### WHAT NEEDS TO BE DONE
For the entries below, copy exactly the line that contains "迷糊轻小说官网版是一款非常受" through the line that contains "Spacious kitchen with", both ends included, and exclude all pictures.

### AVAILABLE DATA
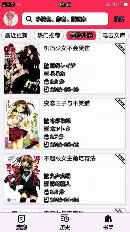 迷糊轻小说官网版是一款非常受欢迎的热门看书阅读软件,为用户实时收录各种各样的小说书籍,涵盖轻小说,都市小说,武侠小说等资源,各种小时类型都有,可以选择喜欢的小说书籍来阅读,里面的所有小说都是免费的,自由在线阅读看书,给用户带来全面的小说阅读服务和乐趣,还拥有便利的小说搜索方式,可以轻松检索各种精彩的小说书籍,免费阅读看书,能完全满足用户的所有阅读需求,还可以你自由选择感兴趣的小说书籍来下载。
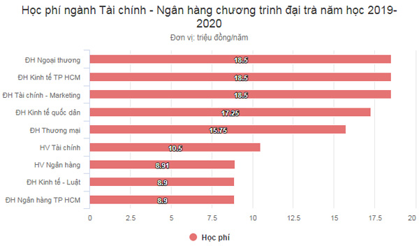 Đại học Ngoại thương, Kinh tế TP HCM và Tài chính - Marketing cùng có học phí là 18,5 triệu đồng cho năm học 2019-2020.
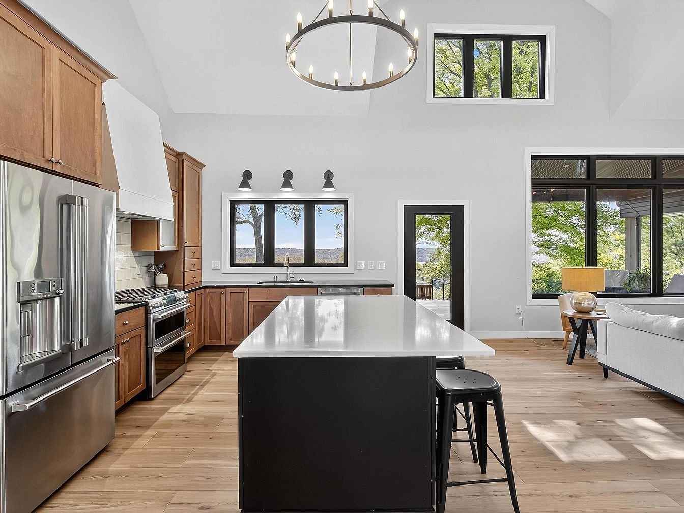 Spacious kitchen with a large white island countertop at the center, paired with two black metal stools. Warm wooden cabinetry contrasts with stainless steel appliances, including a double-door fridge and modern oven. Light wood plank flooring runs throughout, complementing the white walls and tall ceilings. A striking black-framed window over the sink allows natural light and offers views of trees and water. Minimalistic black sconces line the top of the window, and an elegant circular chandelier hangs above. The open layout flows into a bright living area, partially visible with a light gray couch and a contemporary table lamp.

---

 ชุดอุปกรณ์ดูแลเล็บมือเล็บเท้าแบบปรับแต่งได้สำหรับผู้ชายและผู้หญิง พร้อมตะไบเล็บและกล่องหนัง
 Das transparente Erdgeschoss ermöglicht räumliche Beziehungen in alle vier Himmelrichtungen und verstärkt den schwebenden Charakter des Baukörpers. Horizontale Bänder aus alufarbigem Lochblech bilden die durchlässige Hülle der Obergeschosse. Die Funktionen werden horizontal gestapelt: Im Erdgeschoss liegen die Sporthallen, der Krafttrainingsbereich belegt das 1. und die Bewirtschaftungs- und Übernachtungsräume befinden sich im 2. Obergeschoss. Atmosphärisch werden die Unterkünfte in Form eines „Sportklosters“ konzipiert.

### WRITTEN RESPONSE
 迷糊轻小说官网版是一款非常受欢迎的热门看书阅读软件,为用户实时收录各种各样的小说书籍,涵盖轻小说,都市小说,武侠小说等资源,各种小时类型都有,可以选择喜欢的小说书籍来阅读,里面的所有小说都是免费的,自由在线阅读看书,给用户带来全面的小说阅读服务和乐趣,还拥有便利的小说搜索方式,可以轻松检索各种精彩的小说书籍,免费阅读看书,能完全满足用户的所有阅读需求,还可以你自由选择感兴趣的小说书籍来下载。
 Đại học Ngoại thương, Kinh tế TP HCM và Tài chính - Marketing cùng có học phí là 18,5 triệu đồng cho năm học 2019-2020.
 Spacious kitchen with a large white island countertop at the center, paired with two black metal stools. Warm wooden cabinetry contrasts with stainless steel appliances, including a double-door fridge and modern oven. Light wood plank flooring runs throughout, complementing the white walls and tall ceilings. A striking black-framed window over the sink allows natural light and offers views of trees and water. Minimalistic black sconces line the top of the window, and an elegant circular chandelier hangs above. The open layout flows into a bright living area, partially visible with a light gray couch and a contemporary table lamp.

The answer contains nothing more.